── Data in this exercise
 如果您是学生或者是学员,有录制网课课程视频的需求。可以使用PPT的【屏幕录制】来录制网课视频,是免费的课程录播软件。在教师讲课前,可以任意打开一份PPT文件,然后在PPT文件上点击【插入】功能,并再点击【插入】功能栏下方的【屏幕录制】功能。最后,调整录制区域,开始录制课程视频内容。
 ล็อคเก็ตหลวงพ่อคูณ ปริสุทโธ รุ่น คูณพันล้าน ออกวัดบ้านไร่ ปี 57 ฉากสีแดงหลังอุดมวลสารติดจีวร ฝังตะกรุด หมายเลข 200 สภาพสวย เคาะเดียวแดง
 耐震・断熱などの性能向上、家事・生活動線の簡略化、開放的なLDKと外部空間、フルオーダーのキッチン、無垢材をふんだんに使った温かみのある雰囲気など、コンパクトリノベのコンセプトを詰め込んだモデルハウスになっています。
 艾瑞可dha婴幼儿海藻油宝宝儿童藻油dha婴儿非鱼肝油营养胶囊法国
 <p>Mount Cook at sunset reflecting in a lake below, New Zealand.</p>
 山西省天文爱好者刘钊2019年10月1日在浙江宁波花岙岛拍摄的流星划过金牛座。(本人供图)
────
── Data in this exercise
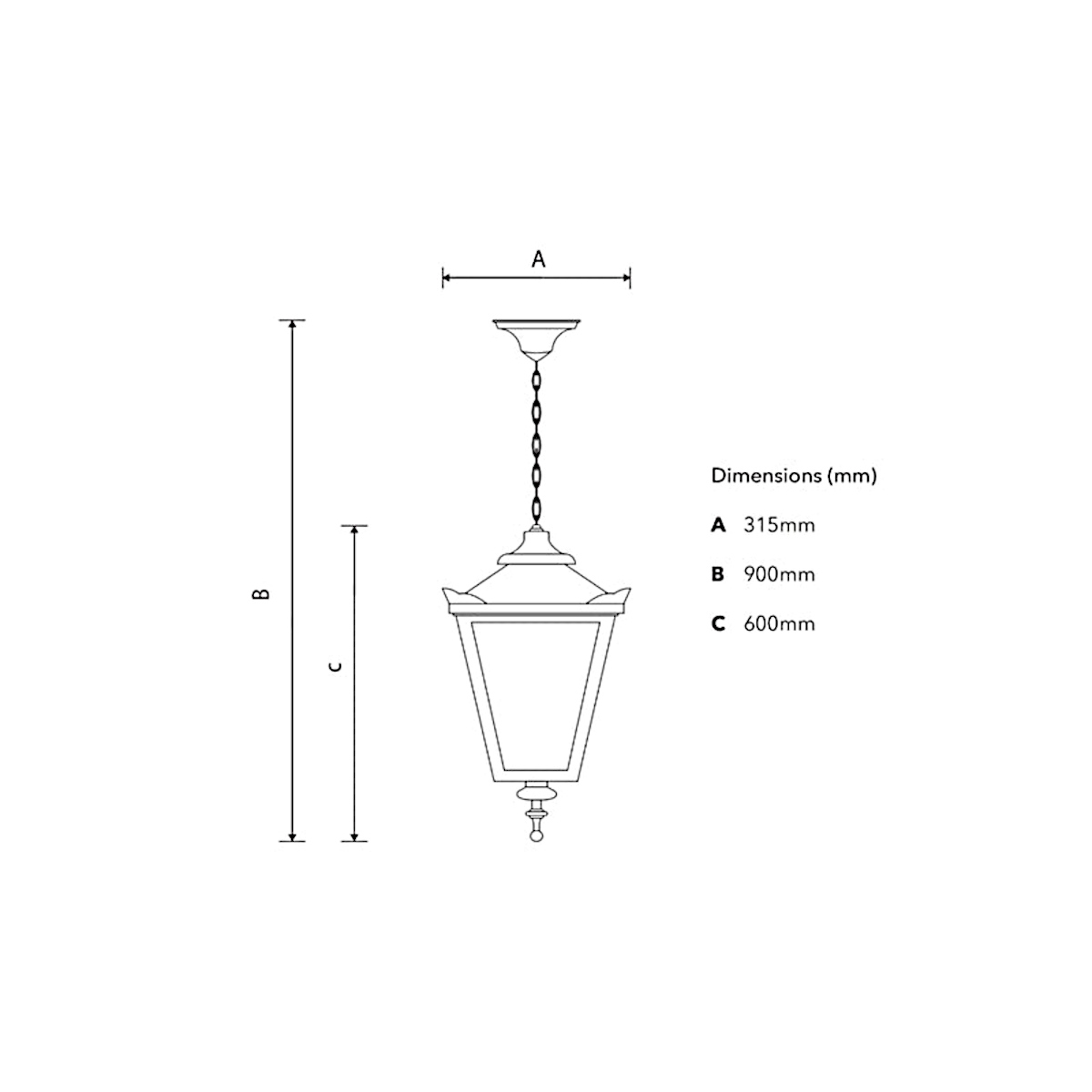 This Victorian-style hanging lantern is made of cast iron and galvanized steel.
────
── Data in this exercise
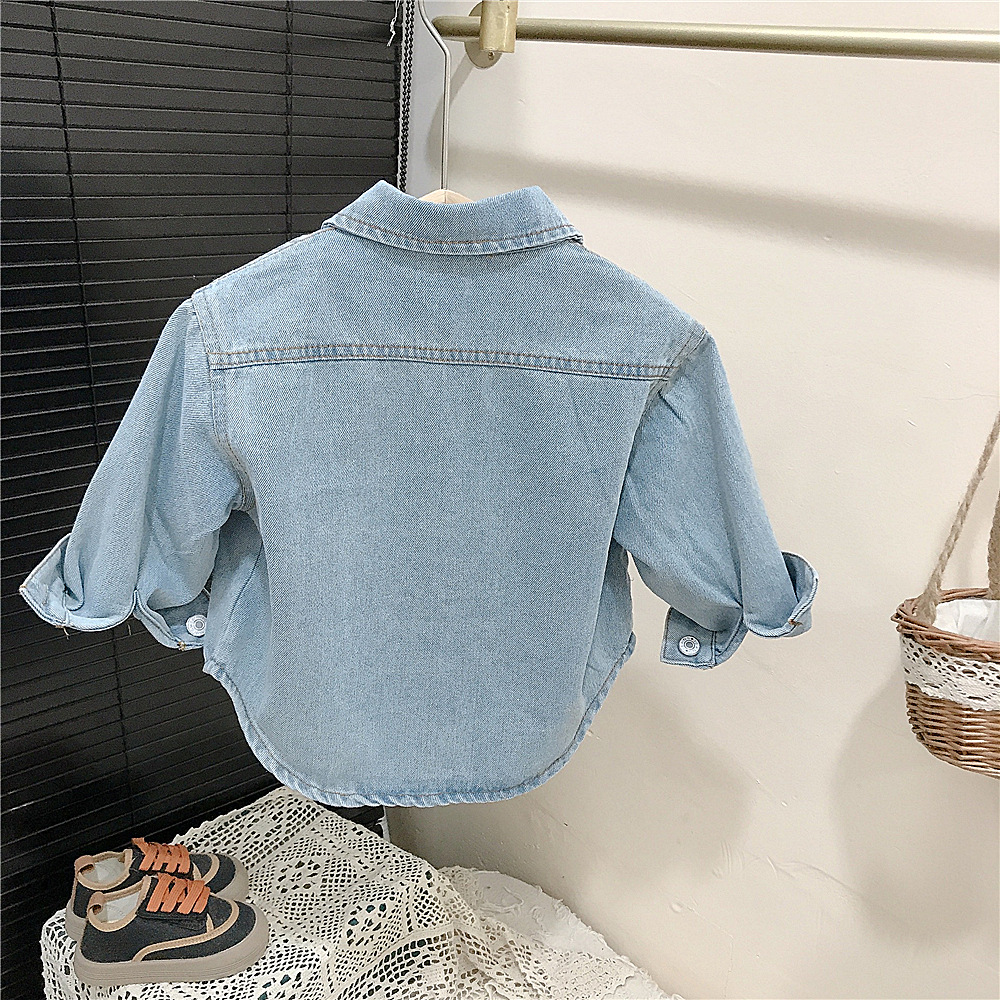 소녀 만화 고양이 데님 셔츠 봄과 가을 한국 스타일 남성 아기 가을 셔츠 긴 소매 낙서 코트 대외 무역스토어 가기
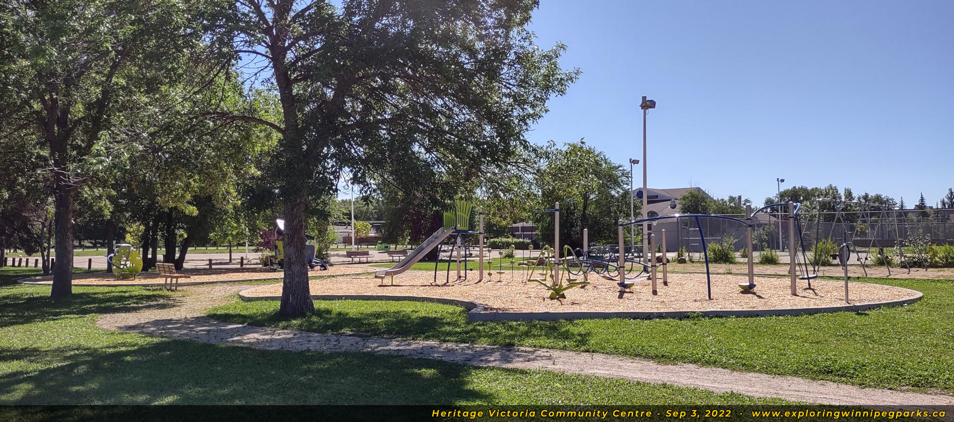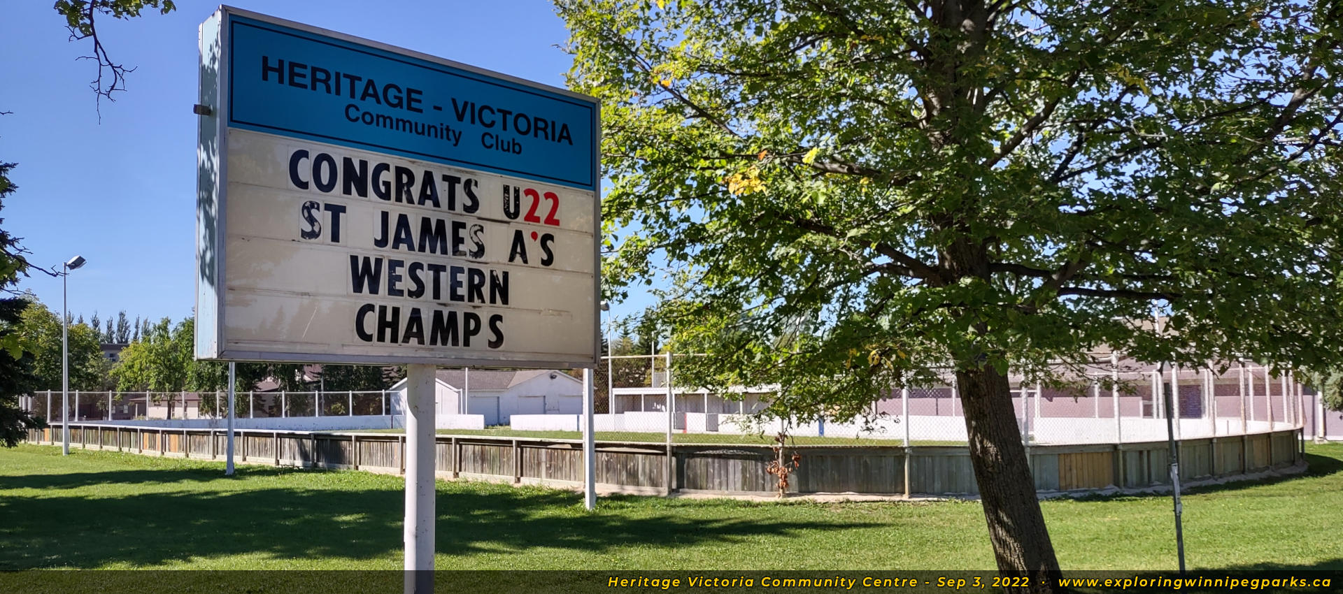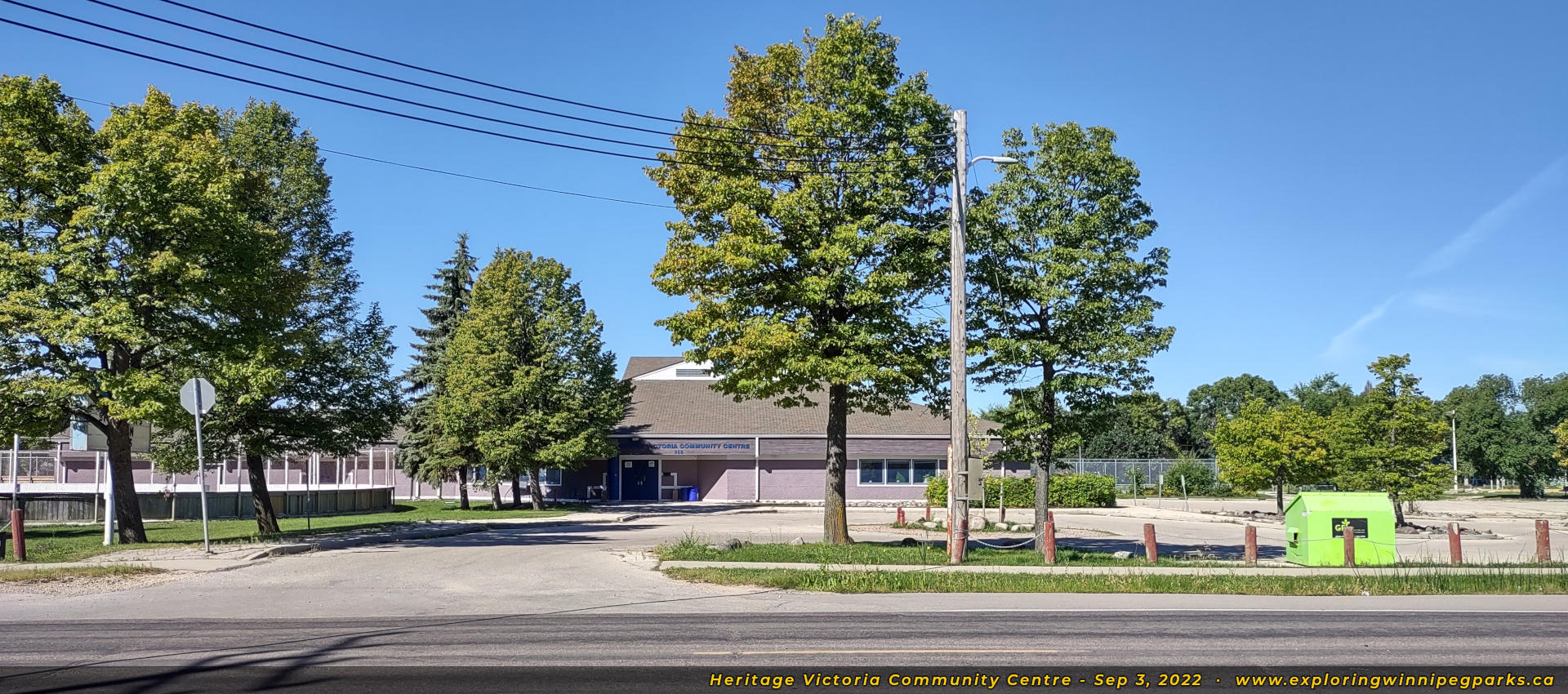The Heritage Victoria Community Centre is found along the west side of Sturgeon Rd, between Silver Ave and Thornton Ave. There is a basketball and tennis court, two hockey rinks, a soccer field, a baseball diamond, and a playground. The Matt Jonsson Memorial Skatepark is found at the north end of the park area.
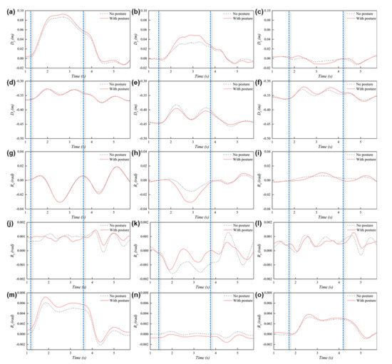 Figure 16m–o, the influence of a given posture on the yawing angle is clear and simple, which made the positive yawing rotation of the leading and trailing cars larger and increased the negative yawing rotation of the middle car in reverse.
────
* [Exercise goal] Set down, unchanged, only those lines above that fall between the line with "艾瑞可dha婴幼儿海藻油宝宝儿童藻油dha婴儿非鱼肝油营养胶囊法国" and the line with "山西省天文爱好者刘钊2019", the two end lines included.

* [Response below]
 艾瑞可dha婴幼儿海藻油宝宝儿童藻油dha婴儿非鱼肝油营养胶囊法国
 <p>Mount Cook at sunset reflecting in a lake below, New Zealand.</p>
 山西省天文爱好者刘钊2019年10月1日在浙江宁波花岙岛拍摄的流星划过金牛座。(本人供图)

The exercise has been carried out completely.